Liver and kidney profile measurement
Mean ± SEM values of comparative altered serological parameters of Liver and Kidney profiles in control and type 2 diabetic groups at different stages like (stage 0 (< 200) = day 0 (control), stage 1(220–490) = day 7(diabetic), stage 2(491–600) = week 9(diabetic) respectively. In comparison of control group vs. Type 2 diabetic group (Day 07) and control group vs. Type 2 diabetic group (week 09), a statistically extremely significant (p < 0.001) elevated pattern were noticed in the concern parameter of AST, ALT, ALP, GGT, Creatinine, Blood urea, Uric acid, Globulin, Fibrinogen and Total Bilirubin (Direct Bilirubin and Indirect Bilirubin), and extremely significantly (p < 0.001) declined level of Albumin and A.G Ratio in both type 2 diabetic stages e.g., stage 1(220–490) = day 7(diabetic) and stage 2(491- 600) = week 9(diabetic) as compared to normal “stage 0 (< 200) = day 0 (control)” group as shown in Table 3. Statistically not significant (p < 0.2) measurements was recorded in the “Total protein” obtained from both type 2 diabetic stages (stage 1and stage 2) as compared to normal (control) stage as revealed in Table 3.
Discussion
Diabetes mellitus (DM), impaired glucose homeostasis, is the frequently arising endocrine disorder that leads to the dysfunctional characteristics of multisystem in the body. Systemic and metabolic disturbances due to diabetes ultimately results in hyperglycemia.

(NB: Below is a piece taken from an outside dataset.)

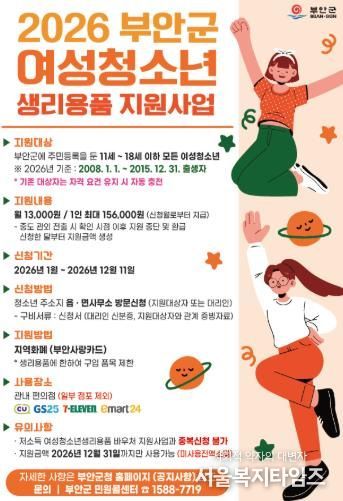 지원대상은 소득수준과 관계없이 부안군에 주소를 둔 11세부터 18세까지의 여성청소년으로, 2026년 기준 2008년 1월 1일~2015년 12월 31일 사이 출생자이다.

The biomolecules are effected in the diabetes which leads to produce free radicals, impairing the antioxidant patterns in the different system of the body13. Streptozotocin is well-known as diabetogenic chemical agent to induce the both types of diabetes mellitus in experimental animal models by specific cytotoxicity action on pancreatic β-cells leads to affect endogenous insulin discharge/action or both resulting an increase in the fasting blood glucose level14. STZ extremely significantly (p ≤ 0.001) had increased effect on the serum glucose and glycosylated hemoglobin measurements in diabetic group. This research was planned to investigate the progressive hematological findings of male albino rats induced to type 2 diabetic by Streptozotocin. In addition, the effect of diabetes was also analyzed on liver and kidneys.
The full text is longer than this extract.